My tb feet were better ( has navic hence tried barefoot) when changed to high fibre very low sugar but they always had very fine lines running down her back white hoof when we went onto balanced minerals even the fine lines grew out.
Your current diet is pretty good possibly it just needs tweaking :-)
 
My two are barefoot, the main difference in them is when they have lots of vitamin and minerals. The MagOx you are feeding gives one thing he was obviously lacking but a firmly believe a broad spectrum bit and min supplement is better. I use grand vite and grand complete (grand meadows products) and the difference is huge.
You stated that on the d&h balancer he went overweight, maybe he doesn't need the highfibre nuts when on the balancer, if not maybe try a 'lite' balancer or try a powder. 1 scoop of high fibre nuts a day is not likely to provide all his necessary vits and minerals. Good luck.:)
 
Thanks for the replies, it's all v interesting :)
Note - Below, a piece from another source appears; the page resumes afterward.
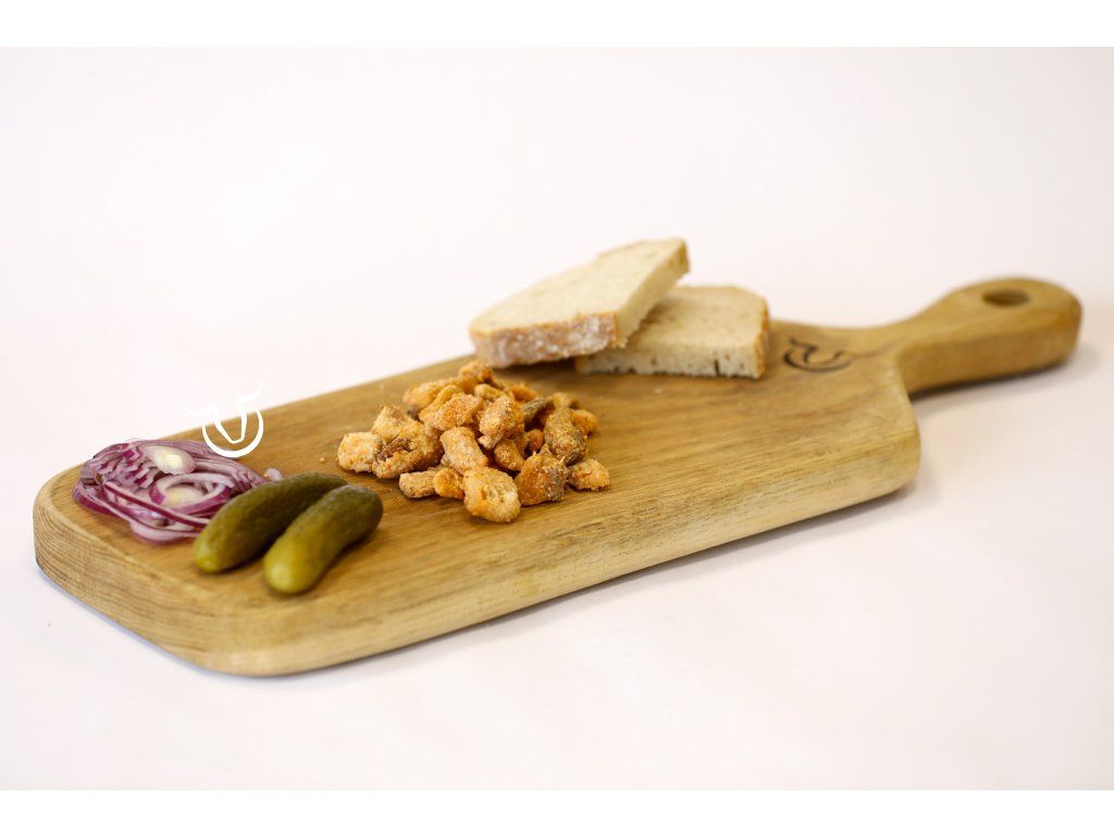 vepřové škvarky 97%, jedlá sůl, paprika, cibule, pepř, rozmarýn.

Had a long chat with the technical people from Simple Systems earlier today and I think I may go with their Total Eclipse supplement (contains linseed, seaweed and brewer's yeast) plus either one of their Lucerne products or just unmolassed beet.
 
Charnwood Milling are a cheaper option for those 3 supplements but the simple systems is probably a good way to try and see if it works for you before buying bigger amounts.

I bought a big bag of seaweed and then had our fields analysed. Turned out they were really high in Iodine so seaweed was a bad idea and had to give it away.

I feed Alfalfa (lucerne) pellets and copra. Tend to avoid sugarbeet as he gets a bit hyper on it.
Then brewers yeast, linseed, magox, zinc, selenium and copper. But only because the fields are low in these and high in manganese which prevents absorbtion of copper and zinc. So a broad spectrum vit supplement which i fed before wasn't helping as it was increasing what he was already getting too much of.
Don't know if it's a coincidence but not only are his feet better but we also no longer have problems with thrush and mud fever.